Its an SN2 reaction so the BR- will attack preferentially in the order of methyl, primary, secondary, tert after the oxygen is protonated. If they are both the same types of carbons on both sides then I am not sure....I would say the side with less crowding/less substituents.

Also, if there is excess acid in the reaction then both sides of the ether become alkyl halides.

 

[Vapor1122]

If they are both the same types of carbons on both sides then I am not sure....I would say the side with less crowding/less substituents.

Yeah, that's what I meant. Anyone want to confirm this?

Also, if there is excess acid in the reaction then both sides of the ether become alkyl halides.

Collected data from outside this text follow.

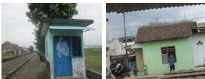
Gambar 12. Pos Kamling pada Kawasan Sempadan Rel Kereta Api

Pos kamling atau Pos Keamanan Lingkungan melanggar garis Sempadan Rel Kereta Api merupakan sarana pelayanan umum yang dibangun secara swadaya oleh masyarakat yang ada.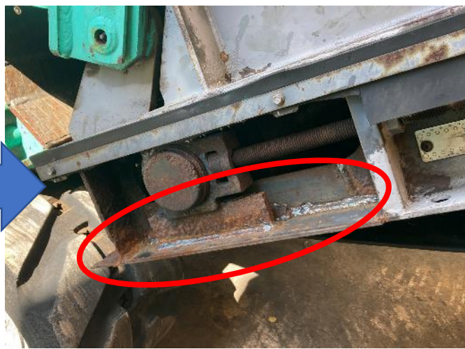
排出コンベアフレーム腐食部補修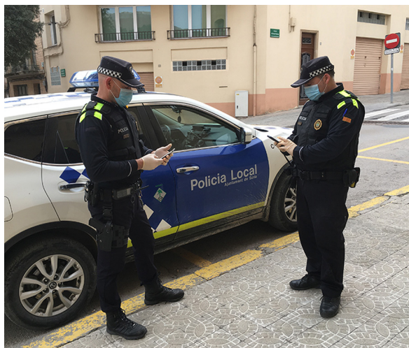
Agents de la Policia Local, durant el confinament

L'àrea de Sanitat, juntament amb l'Alcaldia, va coordinar les actuacions dels serveis municipals i del voluntariat per tal d'intentar donar respostes ràpides a totes les necessitats que s'anaven plantejant, en contacte directe amb l'equip del CAP Goretti Badia i les entitats socials. Al llarg del mandat s'han portat a terme diferents campanyes i accions informatives per tal de sensibilitzar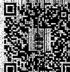
Aponte a câmera do celular e acesse mais notas exclusivas de Niella Fekelerle

O Congresso de Laboratórios da Associação dos Laboratórios de Análises Clínicas e Patológicas (Congralap 2024) tem início hoje no Centro de Eventos. Aproximadamente 800 profissionais devem participar do congresso, que pretende promover o intercâmbio de conhecimentos, além do lançamento de novos equipamentos para o setor.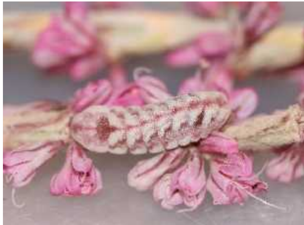
Slika 5. Gusjenica vrste Celastrina ladon echo na biljci vrste Eriogonum racemosum ( http://www.raisingbutterflies.org/picture/c_1_echo_kooshcn_3rdinstar.jpg?pictureId=3050850 )

Gusjenice vrste Neophasia menapia menapia hrane se borovim iglicama (Slika 6). Tako su dobro kamuflirane da su jako teško uo ljive. Uo lživije postaju ako se granicu na kojoj se nalaze pošprica s malo vode. Tada se po nu gibati kao da kimaju glavom ( http://www.raisingbutterflies.org/finding-immatures/mimicry-and-camouflage/ ).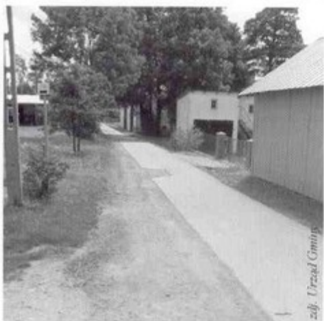
Ulica Kościuszki przed remontem.

pozytywna opinia z kontroli nie wystarczyła do zamknięcia sprawy. Po nagłej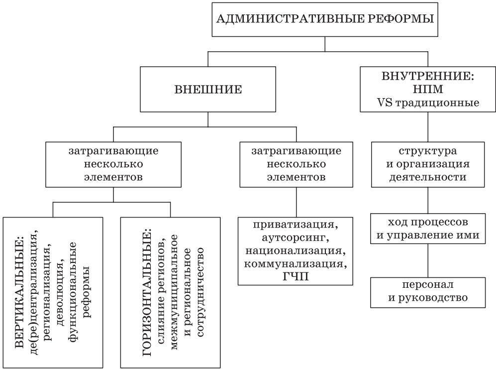
Рис. 1. Типология административных реформ (выполнен автором)

делить сферу деятельности государства (ограничить ее), усилить рыночные механизмы, стимулировать конкуренцию и укрепить позиции гражданина как клиента в сфере государственных услуг. Это направление главного удара, с аналитической точки зрения, может быть определено как макроизмерение в рамках модели НПМ [33, с. 79]. С другой стороны, в ходе процесса внедрения экономических стимулов, применения производственно-экономических ноу-хау, демонтажа иерархических структур и четкого разделения функций и ролей между политикой и административной деятельностью должны были быть перестроены многие элементы административных систем: внутренняя структура, принципы организации и характеристики персонала публичного управления в соответствии с образом «государства-менеджера» (managerial state), вдохновленным, прежде всего, микроэкономическими категориями. Этот комплекс мероприятий может быть определен как внутрискруктурное микроизмерение в рамках НПМ (там же). В обобщенном виде данная модернизация может быть представлена в следующем виде (рис. 2).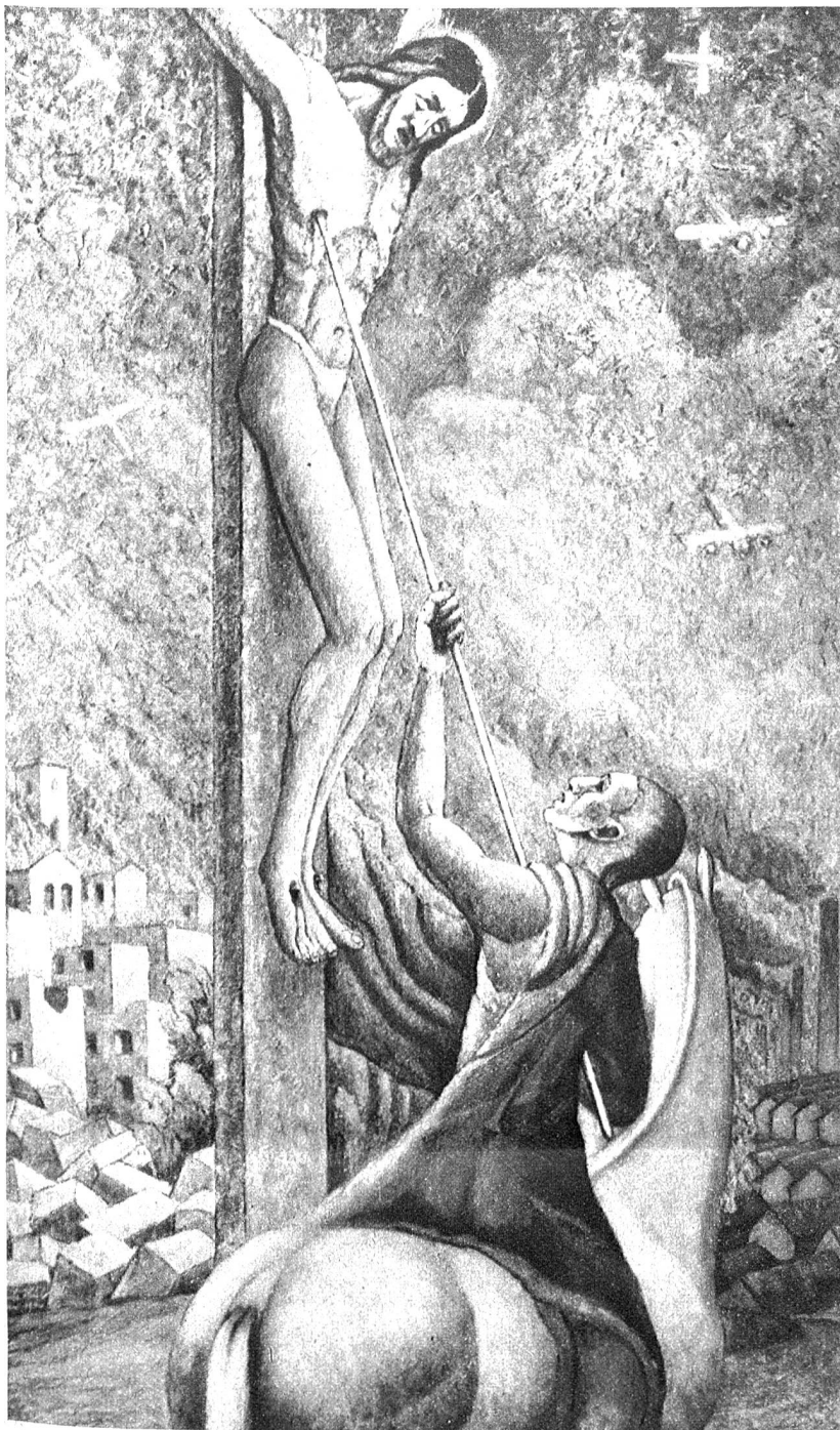
Irrtum (Christus-Idee zerstören, wird immer Krieg heraufbeschwören)

That I didn't know. But now that you mention it, in excess acid, why wouldn't you get an alcohol and alkyl halide, and then have the alcohol dehydrate to an alkene? Like:

 

[Jaylee777]

Because the strength of the nucleophiles produced from the strong acid used in this type of reaction (has to be strong acids like HBr and HI) are very weak bases.

 

[Vapor1122]

Okay, I see it now. So in excess acid, the weak base (Br-) undergoes SN2 with the alcohol, forming another alkyl halide in addition to the first one from the cleaved ether. Gotcha.

Anyone have an answer for the first question?